**What you need to do**
Your answer should hold exactly the lines below from the line with "3.2. Thêm thông" through the line with "this manual and", both included, and no pictures at all.

**Data to use**
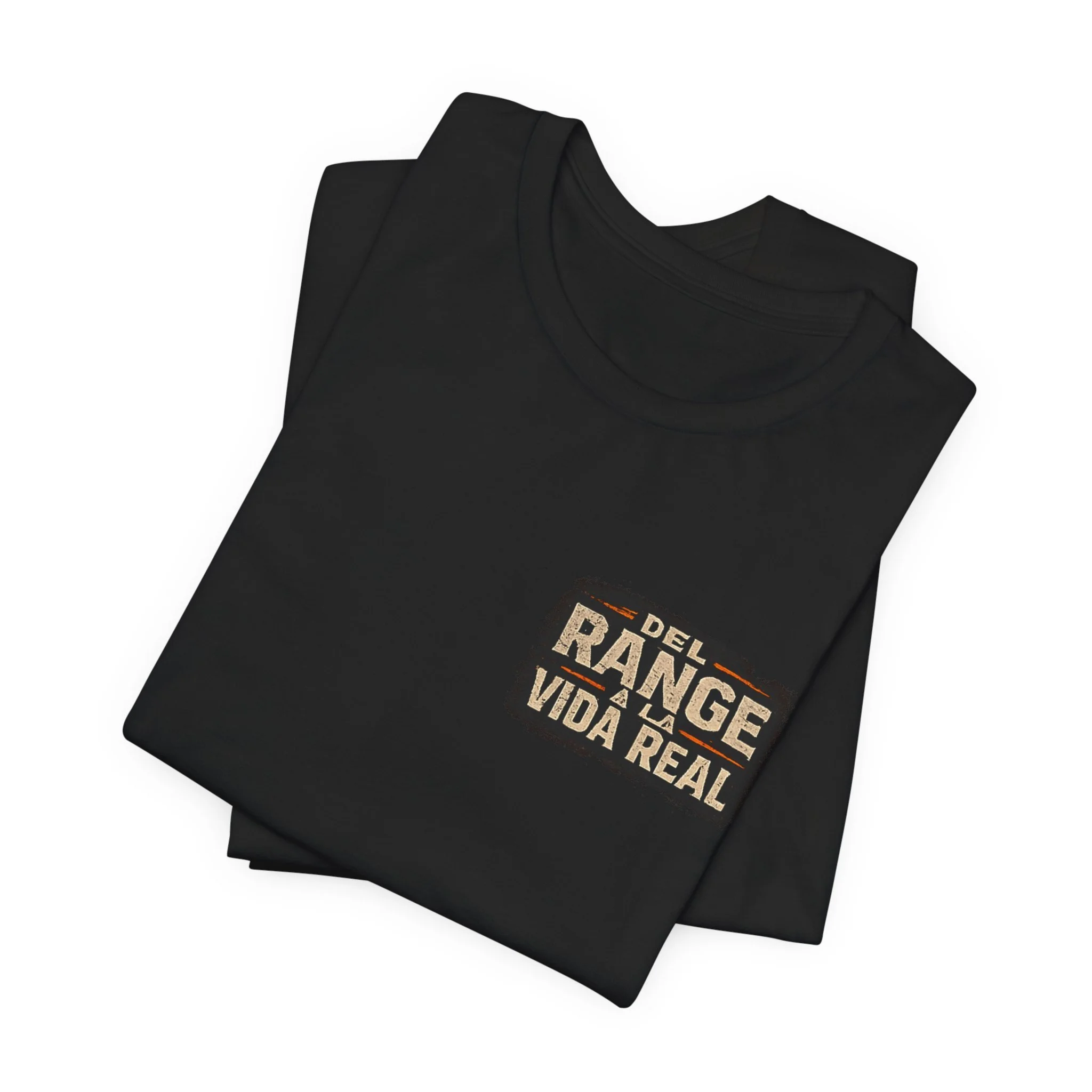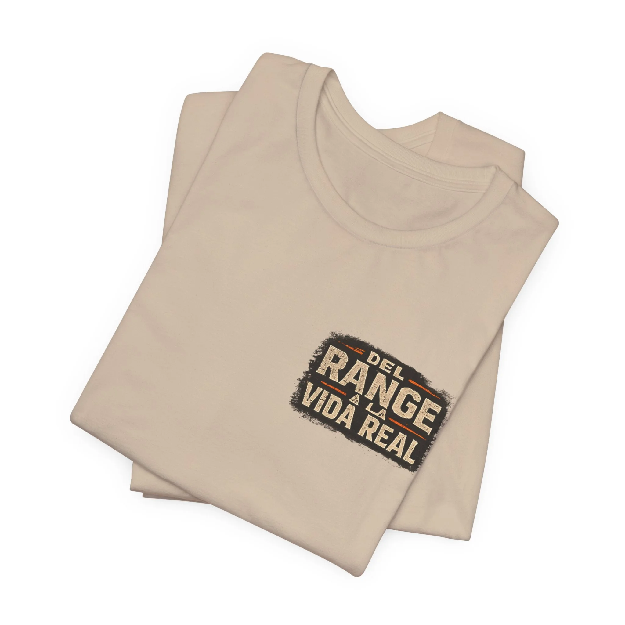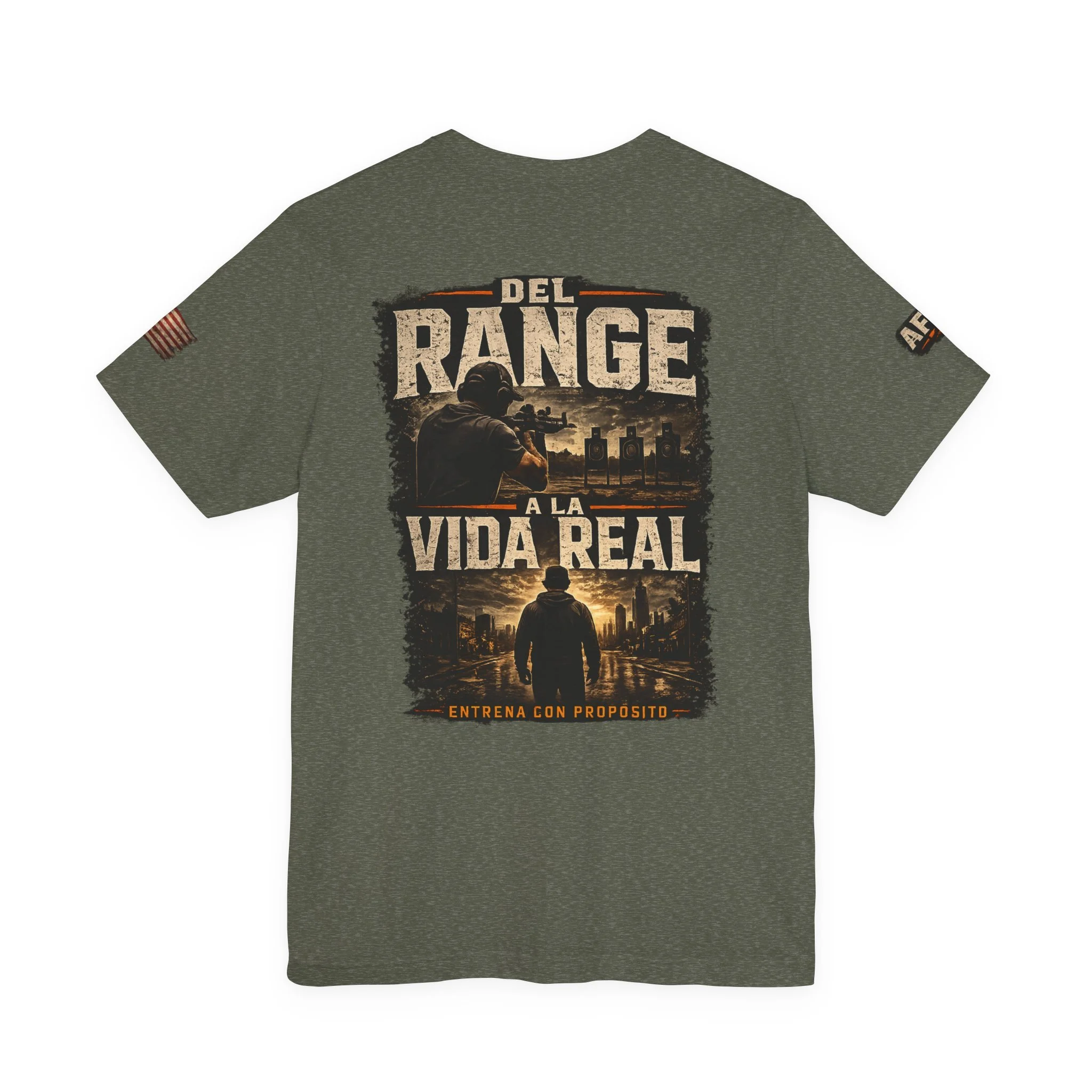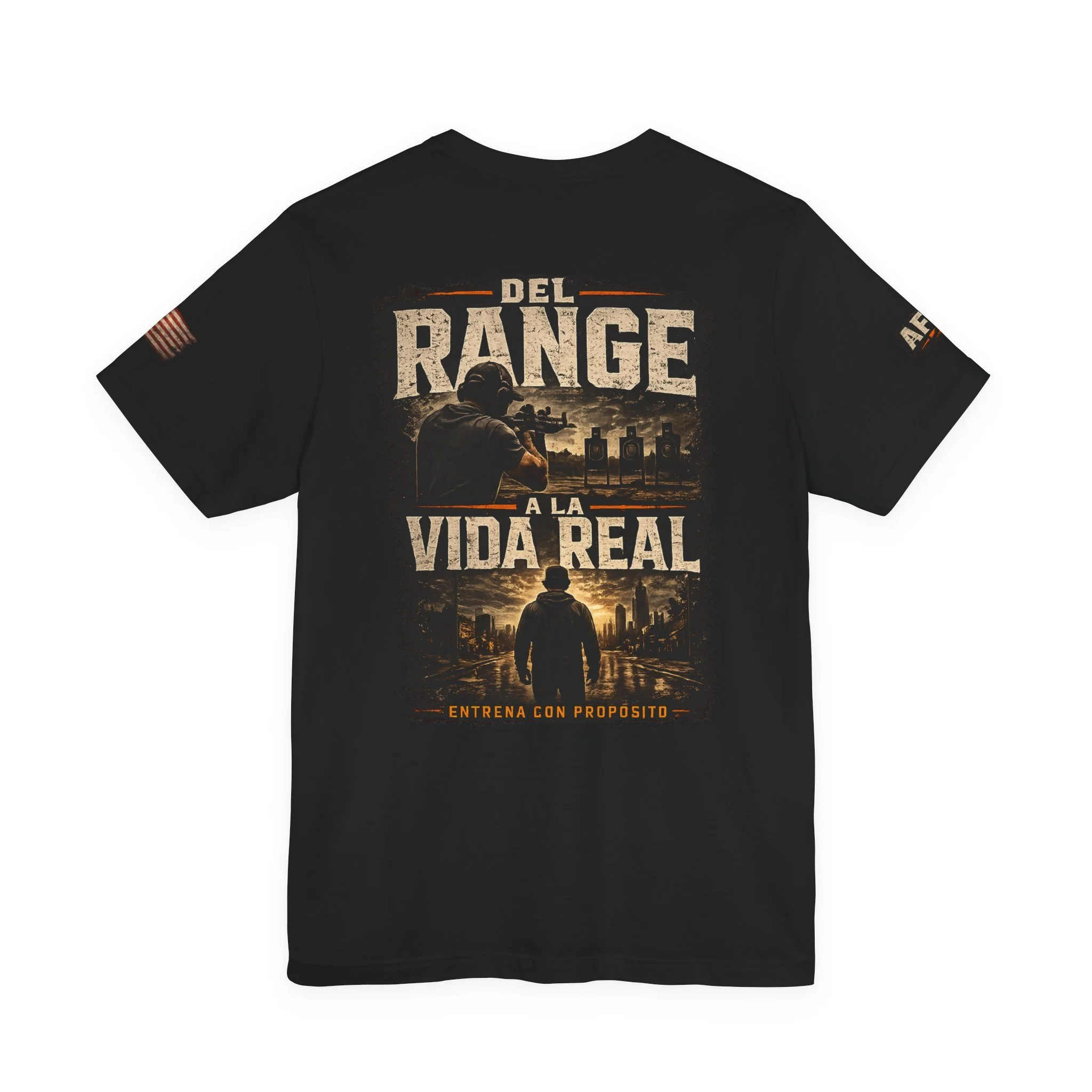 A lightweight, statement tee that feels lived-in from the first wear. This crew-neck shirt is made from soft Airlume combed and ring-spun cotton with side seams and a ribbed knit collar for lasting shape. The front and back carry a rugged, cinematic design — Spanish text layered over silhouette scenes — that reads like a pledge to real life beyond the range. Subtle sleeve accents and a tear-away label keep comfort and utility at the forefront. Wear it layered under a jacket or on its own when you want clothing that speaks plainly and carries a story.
==
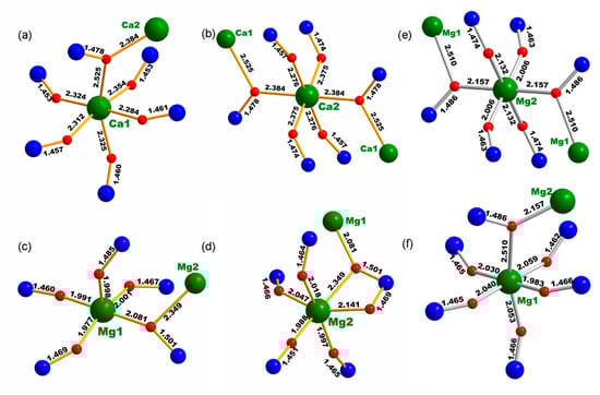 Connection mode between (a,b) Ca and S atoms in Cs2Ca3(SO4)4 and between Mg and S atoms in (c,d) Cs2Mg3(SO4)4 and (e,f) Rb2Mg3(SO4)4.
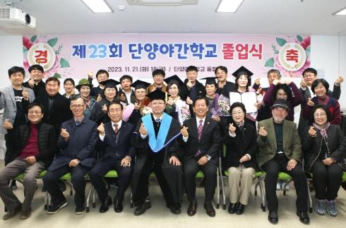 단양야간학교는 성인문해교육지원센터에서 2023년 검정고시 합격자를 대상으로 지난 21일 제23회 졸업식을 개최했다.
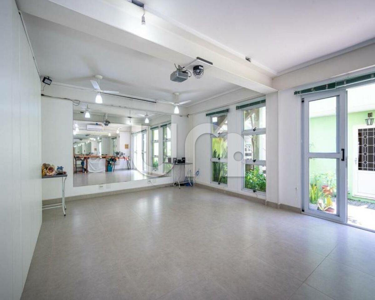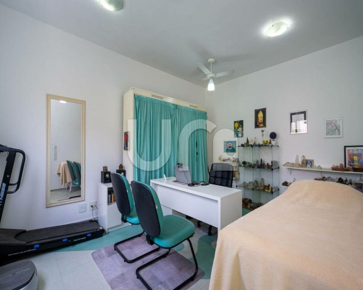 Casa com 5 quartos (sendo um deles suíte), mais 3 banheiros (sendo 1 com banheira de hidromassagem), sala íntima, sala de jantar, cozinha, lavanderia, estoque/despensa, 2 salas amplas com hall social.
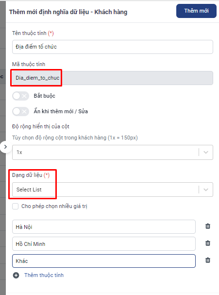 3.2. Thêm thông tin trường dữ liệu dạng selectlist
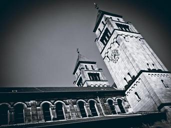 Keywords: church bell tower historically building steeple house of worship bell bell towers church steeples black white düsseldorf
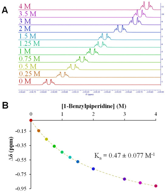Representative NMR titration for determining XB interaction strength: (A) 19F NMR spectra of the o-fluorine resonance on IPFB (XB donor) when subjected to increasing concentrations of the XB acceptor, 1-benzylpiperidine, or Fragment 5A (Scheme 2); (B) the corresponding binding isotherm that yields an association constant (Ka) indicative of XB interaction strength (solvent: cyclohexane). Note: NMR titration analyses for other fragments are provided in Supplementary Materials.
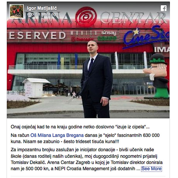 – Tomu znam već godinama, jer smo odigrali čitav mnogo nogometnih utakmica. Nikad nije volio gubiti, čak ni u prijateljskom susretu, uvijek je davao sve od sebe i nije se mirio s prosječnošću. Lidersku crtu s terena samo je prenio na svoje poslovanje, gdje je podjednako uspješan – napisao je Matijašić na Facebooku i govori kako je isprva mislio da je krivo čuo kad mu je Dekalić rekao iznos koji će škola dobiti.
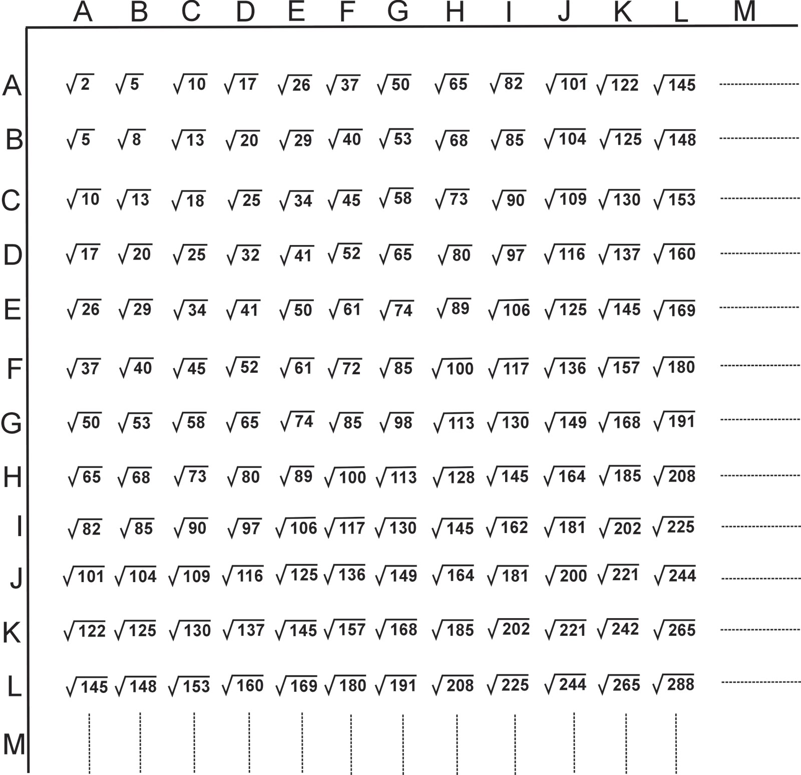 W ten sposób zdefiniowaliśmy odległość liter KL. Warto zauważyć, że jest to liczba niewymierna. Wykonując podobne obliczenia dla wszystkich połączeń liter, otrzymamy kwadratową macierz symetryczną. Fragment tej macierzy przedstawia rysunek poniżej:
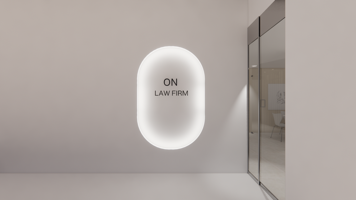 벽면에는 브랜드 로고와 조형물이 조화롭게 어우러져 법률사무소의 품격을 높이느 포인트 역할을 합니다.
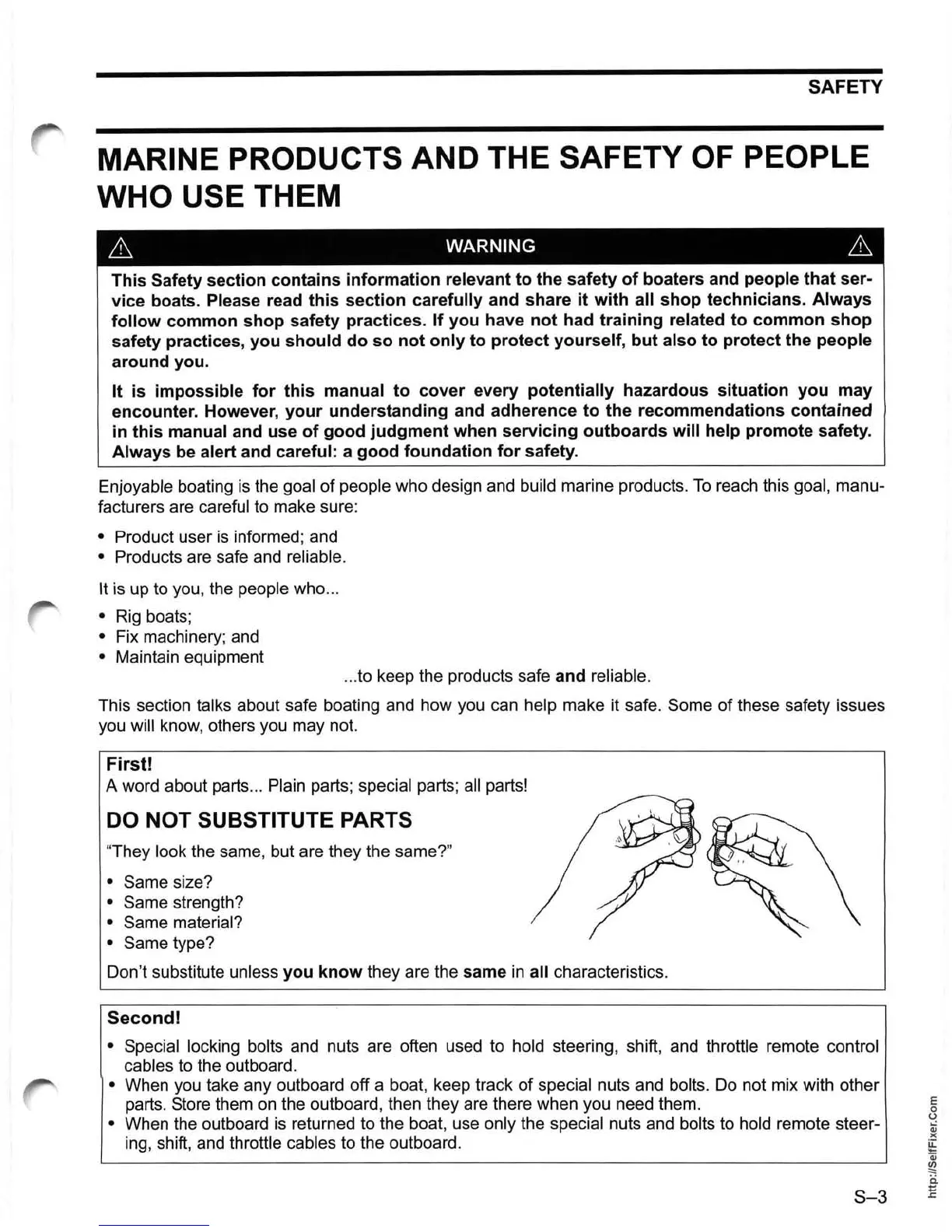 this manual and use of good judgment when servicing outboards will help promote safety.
...
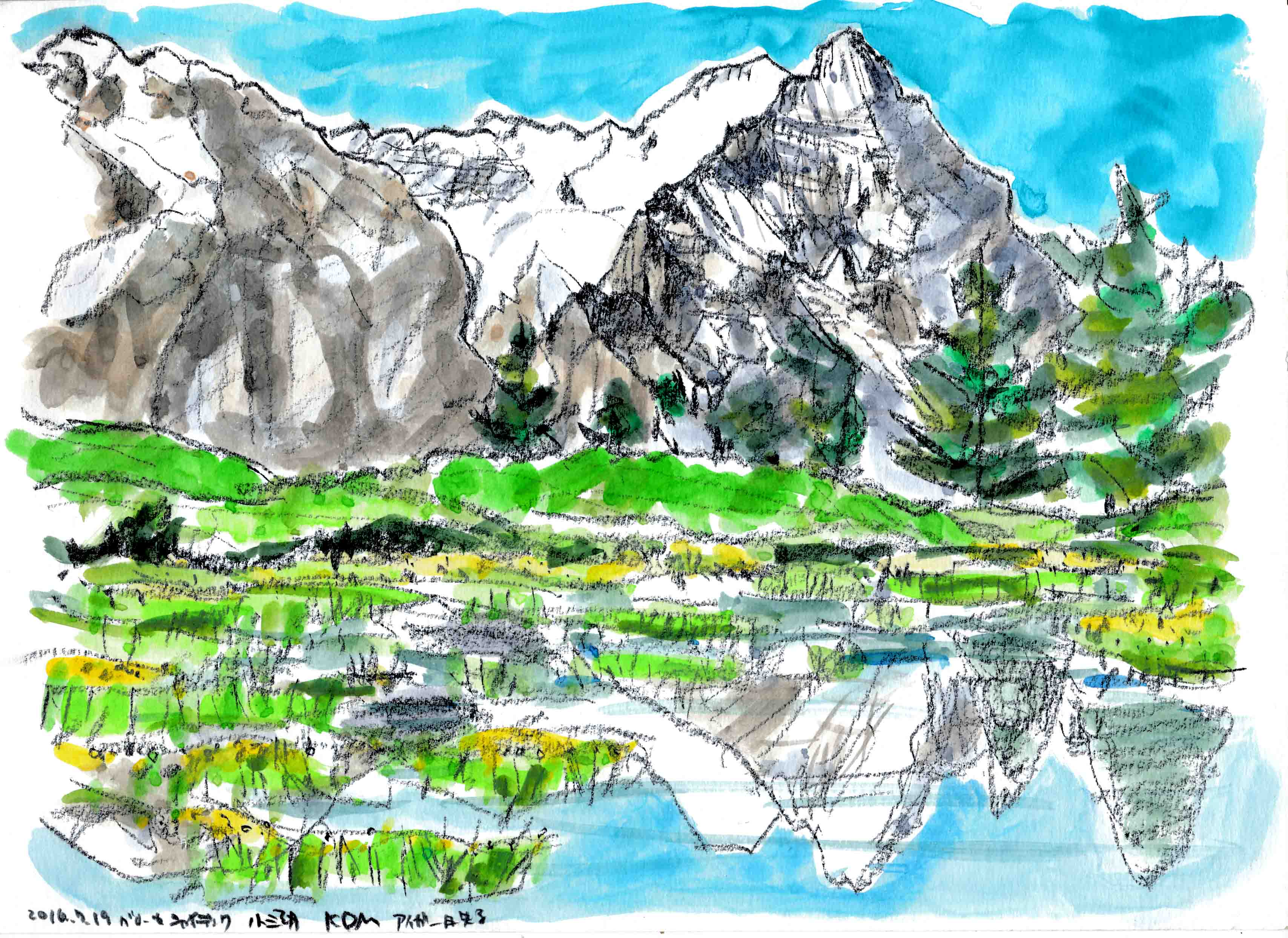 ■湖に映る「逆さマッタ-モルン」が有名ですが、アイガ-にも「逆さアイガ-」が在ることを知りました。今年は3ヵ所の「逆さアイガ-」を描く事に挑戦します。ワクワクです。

**Answer space**
 3.2. Thêm thông tin trường dữ liệu dạng selectlist
 Keywords: church bell tower historically building steeple house of worship bell bell towers church steeples black white düsseldorf
Representative NMR titration for determining XB interaction strength: (A) 19F NMR spectra of the o-fluorine resonance on IPFB (XB donor) when subjected to increasing concentrations of the XB acceptor, 1-benzylpiperidine, or Fragment 5A (Scheme 2); (B) the corresponding binding isotherm that yields an association constant (Ka) indicative of XB interaction strength (solvent: cyclohexane). Note: NMR titration analyses for other fragments are provided in Supplementary Materials.
 – Tomu znam već godinama, jer smo odigrali čitav mnogo nogometnih utakmica. Nikad nije volio gubiti, čak ni u prijateljskom susretu, uvijek je davao sve od sebe i nije se mirio s prosječnošću. Lidersku crtu s terena samo je prenio na svoje poslovanje, gdje je podjednako uspješan – napisao je Matijašić na Facebooku i govori kako je isprva mislio da je krivo čuo kad mu je Dekalić rekao iznos koji će škola dobiti.
 W ten sposób zdefiniowaliśmy odległość liter KL. Warto zauważyć, że jest to liczba niewymierna. Wykonując podobne obliczenia dla wszystkich połączeń liter, otrzymamy kwadratową macierz symetryczną. Fragment tej macierzy przedstawia rysunek poniżej:
 벽면에는 브랜드 로고와 조형물이 조화롭게 어우러져 법률사무소의 품격을 높이느 포인트 역할을 합니다.
 this manual and use of good judgment when servicing outboards will help promote safety.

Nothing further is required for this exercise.